Leave out the pictures and output the data verbatim.

▸ **Data below**:
--*--

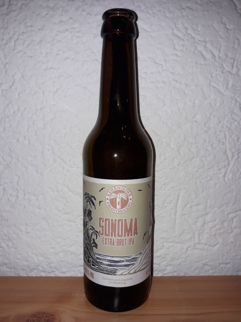 Im heutigen Biertest geht es mal wieder in den hohen Norden in die Hansestadt Hamburg. Es steht dieses mal mit dem Sonoma ein Brut IPA auf dem Programm. Brut deshalb, weil es trocken sein und an einen Champagner erinnern soll. Mit 8,5% Alkohol ist es zudem auch nicht ohne.
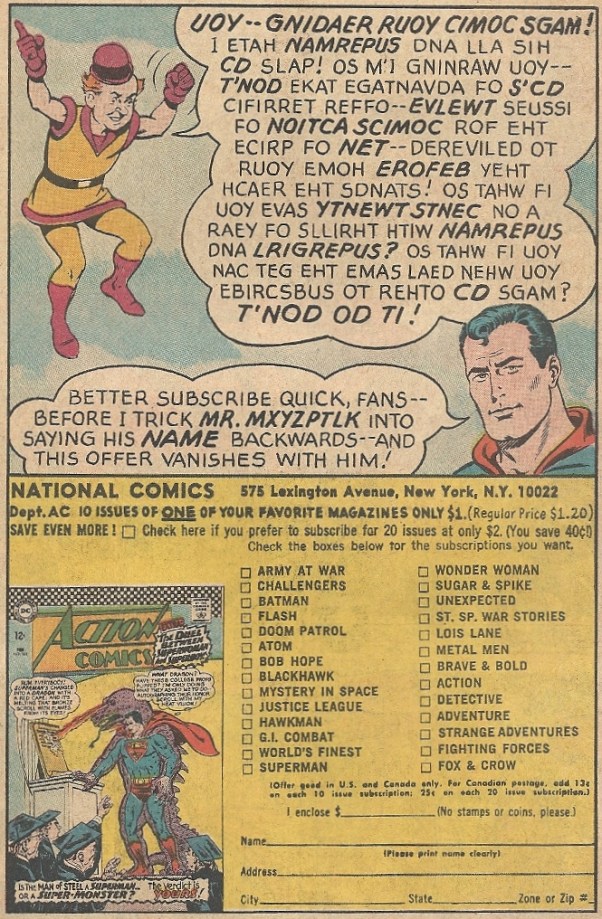 This Mr. Mxyzptlk ad appears to offer you a deal, at least it does if you can wade through the backwards spelling
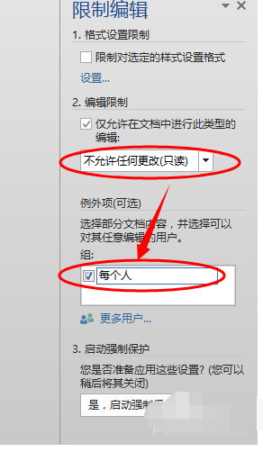 4.点击勾选 仅允许在文档中进行此类型的编辑 ,并在下拉列表中选择 不允许任何更改(只读),在例外项下面的组列表中 单击勾选 每个人。

--*--

▸ **Output of the task**:
 Im heutigen Biertest geht es mal wieder in den hohen Norden in die Hansestadt Hamburg. Es steht dieses mal mit dem Sonoma ein Brut IPA auf dem Programm. Brut deshalb, weil es trocken sein und an einen Champagner erinnern soll. Mit 8,5% Alkohol ist es zudem auch nicht ohne.
 This Mr. Mxyzptlk ad appears to offer you a deal, at least it does if you can wade through the backwards spelling
 4.点击勾选 仅允许在文档中进行此类型的编辑 ,并在下拉列表中选择 不允许任何更改(只读),在例外项下面的组列表中 单击勾选 每个人。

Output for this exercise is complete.